# What is the sum of all odd numbers between 0 and 100?

Sep 17, 2015

First, notice an interesting pattern here:

$1 , 4 , 9 , 16 , 25 , \ldots$

The differences between perfect squares (starting at $1 - 0 = 1$) is:

$1 , 3 , 5 , 7 , 9 , \ldots$

The sum of $1 + 3 + 5 + 7 + 9$ is $25$, the ${5}^{\text{th}}$ nonzero square.

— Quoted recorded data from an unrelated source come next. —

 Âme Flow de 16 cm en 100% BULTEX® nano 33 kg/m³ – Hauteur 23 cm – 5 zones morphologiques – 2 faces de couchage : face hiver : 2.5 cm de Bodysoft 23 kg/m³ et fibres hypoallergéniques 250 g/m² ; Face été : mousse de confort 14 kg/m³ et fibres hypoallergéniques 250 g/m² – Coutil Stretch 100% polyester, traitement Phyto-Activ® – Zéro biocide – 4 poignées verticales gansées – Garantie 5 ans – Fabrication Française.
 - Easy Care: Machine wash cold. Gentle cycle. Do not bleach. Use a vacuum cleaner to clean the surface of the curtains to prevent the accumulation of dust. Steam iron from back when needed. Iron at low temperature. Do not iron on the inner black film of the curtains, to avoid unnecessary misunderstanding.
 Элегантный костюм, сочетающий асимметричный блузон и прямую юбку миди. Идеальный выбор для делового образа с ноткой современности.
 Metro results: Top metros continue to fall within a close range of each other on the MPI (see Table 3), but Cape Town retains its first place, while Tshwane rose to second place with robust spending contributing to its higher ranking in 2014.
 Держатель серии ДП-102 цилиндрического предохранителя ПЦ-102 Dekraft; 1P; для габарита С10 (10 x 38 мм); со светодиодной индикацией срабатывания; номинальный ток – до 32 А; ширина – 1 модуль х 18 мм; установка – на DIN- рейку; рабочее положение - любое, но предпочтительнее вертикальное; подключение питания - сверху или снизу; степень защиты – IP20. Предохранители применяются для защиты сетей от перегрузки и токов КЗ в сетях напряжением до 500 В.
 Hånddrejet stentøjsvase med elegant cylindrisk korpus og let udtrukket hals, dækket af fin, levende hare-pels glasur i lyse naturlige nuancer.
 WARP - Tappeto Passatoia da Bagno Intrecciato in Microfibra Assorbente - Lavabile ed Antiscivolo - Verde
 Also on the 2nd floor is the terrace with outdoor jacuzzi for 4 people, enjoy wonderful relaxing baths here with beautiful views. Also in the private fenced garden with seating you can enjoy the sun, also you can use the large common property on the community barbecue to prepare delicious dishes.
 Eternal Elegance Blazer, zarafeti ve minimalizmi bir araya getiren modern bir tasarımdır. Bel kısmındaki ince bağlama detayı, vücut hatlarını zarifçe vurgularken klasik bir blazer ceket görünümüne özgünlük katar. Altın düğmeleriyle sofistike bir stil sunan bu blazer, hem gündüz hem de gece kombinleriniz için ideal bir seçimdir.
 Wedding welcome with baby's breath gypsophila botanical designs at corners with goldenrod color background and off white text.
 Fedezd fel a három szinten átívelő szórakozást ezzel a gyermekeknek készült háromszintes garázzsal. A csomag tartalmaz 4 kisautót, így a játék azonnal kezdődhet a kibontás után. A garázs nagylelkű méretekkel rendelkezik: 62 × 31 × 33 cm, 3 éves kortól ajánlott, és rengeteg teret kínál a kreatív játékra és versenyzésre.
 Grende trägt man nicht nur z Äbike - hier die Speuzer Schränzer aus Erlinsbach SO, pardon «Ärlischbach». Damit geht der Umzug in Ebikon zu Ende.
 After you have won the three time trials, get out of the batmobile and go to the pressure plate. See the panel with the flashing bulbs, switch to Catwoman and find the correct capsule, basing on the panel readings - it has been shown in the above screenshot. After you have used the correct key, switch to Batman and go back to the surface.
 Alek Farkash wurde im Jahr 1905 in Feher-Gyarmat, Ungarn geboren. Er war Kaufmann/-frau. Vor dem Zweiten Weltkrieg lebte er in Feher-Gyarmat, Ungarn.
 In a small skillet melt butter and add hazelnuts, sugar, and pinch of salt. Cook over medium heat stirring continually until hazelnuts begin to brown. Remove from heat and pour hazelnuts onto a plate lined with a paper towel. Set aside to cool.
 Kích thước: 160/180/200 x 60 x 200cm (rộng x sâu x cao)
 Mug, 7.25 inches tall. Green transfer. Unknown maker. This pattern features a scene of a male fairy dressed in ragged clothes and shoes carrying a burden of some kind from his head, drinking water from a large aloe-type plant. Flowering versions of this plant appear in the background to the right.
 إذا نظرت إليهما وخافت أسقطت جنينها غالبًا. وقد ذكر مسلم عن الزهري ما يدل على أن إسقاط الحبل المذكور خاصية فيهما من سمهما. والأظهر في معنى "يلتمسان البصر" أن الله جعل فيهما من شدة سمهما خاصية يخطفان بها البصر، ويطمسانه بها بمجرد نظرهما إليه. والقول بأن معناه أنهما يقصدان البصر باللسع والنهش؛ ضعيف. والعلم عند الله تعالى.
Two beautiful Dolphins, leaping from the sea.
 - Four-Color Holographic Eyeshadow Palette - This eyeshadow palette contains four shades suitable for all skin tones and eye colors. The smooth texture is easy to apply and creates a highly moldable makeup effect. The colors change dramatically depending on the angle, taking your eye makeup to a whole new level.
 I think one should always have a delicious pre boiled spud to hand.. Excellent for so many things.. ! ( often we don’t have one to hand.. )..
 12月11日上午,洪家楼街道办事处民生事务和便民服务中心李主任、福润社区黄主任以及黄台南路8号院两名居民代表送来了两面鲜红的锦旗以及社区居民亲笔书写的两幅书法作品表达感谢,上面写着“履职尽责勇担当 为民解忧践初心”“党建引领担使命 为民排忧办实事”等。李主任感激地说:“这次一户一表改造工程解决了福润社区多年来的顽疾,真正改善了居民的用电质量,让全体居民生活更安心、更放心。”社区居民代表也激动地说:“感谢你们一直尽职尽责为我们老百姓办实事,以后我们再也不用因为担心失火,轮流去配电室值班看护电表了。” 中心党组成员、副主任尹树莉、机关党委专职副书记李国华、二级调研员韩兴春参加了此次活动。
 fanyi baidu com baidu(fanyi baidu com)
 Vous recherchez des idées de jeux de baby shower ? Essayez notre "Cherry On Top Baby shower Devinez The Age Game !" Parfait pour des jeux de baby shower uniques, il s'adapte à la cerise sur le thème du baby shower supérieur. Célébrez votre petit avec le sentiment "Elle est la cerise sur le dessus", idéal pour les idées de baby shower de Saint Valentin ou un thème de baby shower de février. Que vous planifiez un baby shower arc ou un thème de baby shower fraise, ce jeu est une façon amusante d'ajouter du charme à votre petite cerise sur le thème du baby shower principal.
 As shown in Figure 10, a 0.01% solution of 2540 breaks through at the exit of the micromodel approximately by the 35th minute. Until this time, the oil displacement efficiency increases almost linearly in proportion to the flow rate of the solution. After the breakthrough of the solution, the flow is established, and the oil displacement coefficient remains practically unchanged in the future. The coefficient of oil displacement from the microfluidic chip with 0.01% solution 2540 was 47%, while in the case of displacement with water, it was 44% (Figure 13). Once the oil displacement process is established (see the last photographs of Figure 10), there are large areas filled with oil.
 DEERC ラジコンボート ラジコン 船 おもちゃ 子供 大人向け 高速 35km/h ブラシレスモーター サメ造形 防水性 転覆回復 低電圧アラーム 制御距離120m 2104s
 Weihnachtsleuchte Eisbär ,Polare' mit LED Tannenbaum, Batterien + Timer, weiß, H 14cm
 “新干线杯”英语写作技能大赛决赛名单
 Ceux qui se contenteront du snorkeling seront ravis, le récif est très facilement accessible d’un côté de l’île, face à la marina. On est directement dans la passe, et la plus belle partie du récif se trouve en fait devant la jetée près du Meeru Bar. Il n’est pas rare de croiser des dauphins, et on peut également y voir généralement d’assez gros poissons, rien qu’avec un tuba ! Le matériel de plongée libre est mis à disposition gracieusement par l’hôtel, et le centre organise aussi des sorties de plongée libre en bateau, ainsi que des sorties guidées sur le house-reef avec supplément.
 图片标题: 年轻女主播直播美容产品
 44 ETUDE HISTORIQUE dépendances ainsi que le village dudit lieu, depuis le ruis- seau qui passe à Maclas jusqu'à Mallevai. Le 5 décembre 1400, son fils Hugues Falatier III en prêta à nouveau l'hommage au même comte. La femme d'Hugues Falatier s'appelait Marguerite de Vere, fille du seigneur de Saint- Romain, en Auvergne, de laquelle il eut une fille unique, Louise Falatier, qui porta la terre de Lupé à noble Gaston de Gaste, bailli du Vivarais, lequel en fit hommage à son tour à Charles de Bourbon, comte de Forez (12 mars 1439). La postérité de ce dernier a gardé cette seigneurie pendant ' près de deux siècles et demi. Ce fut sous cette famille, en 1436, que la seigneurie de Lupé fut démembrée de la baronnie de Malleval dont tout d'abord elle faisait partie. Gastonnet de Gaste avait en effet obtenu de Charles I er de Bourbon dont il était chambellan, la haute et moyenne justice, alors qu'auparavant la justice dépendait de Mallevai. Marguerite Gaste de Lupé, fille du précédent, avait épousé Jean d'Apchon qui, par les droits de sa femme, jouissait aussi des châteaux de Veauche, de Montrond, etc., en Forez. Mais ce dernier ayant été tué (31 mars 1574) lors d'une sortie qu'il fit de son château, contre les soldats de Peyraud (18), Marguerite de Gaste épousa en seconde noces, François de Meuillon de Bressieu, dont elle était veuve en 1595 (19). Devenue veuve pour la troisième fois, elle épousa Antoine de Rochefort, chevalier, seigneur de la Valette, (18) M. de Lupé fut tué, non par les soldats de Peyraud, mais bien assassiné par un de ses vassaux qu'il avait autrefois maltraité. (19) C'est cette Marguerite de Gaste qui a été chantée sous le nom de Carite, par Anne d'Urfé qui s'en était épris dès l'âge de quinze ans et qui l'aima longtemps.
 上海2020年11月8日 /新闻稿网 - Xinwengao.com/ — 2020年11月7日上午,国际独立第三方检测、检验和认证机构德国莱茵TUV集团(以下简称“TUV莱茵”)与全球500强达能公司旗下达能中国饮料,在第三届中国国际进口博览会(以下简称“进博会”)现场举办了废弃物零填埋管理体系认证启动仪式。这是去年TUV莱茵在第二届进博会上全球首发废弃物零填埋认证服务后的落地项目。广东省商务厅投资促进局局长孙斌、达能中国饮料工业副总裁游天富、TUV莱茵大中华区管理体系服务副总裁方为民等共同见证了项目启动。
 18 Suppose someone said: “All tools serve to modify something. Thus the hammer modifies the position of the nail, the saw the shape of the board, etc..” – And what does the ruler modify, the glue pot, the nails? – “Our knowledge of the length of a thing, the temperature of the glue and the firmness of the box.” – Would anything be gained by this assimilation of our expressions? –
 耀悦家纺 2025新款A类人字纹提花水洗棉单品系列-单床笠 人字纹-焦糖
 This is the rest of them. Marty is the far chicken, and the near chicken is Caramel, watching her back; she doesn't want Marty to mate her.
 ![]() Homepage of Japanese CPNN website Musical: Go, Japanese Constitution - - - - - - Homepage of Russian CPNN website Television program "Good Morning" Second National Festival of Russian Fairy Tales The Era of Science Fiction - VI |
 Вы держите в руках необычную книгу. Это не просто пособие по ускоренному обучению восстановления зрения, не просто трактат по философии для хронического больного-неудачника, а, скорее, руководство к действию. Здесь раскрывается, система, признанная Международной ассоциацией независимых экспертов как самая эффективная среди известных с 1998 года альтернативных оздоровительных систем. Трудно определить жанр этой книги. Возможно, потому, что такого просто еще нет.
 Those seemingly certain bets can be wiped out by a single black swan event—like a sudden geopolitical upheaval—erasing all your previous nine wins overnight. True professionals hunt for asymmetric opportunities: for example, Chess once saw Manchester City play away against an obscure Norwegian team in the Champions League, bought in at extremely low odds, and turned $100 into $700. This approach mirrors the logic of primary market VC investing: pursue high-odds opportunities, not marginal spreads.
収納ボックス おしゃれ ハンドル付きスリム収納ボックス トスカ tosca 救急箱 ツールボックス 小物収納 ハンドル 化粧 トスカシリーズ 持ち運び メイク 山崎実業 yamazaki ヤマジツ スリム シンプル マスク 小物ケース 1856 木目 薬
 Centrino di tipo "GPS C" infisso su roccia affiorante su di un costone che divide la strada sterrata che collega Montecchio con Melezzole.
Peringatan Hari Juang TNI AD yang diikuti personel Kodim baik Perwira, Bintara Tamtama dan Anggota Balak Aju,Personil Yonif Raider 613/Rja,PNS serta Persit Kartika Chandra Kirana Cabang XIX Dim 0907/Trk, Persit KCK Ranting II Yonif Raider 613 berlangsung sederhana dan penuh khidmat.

Let's take another example. You can quickly prove that:

$1 + 3 + 5 + 7 + 9 + 11 + 13 + 15 + 17 + 19 = 100$

There are $\frac{19 + 1}{2} = 10$ odd numbers here, and the sum is ${10}^{2}$.

Therefore, the sum of $1 + 3 + 5 + \ldots + 99$ is simply:

${\left(\frac{99 + 1}{2}\right)}^{2} = \textcolor{b l u e}{2500}$

Formally, you can write this as:

$\textcolor{g r e e n}{{\sum}_{n = 1}^{N} \left(2 n - 1\right) = 1 + 3 + 5 + \ldots + \left(2 N - 1\right) = {\left(\frac{N + 1}{2}\right)}^{2}}$

where $N$ is the last number in the sequence and $n$ is the index of each number in the sequence. So, the ${50}^{\text{th}}$ number in the sequence is $2 \cdot 50 - 1 = 99$, and the sum all the way up to that is ${\left(\frac{99 + 1}{2}\right)}^{2} = 2500$.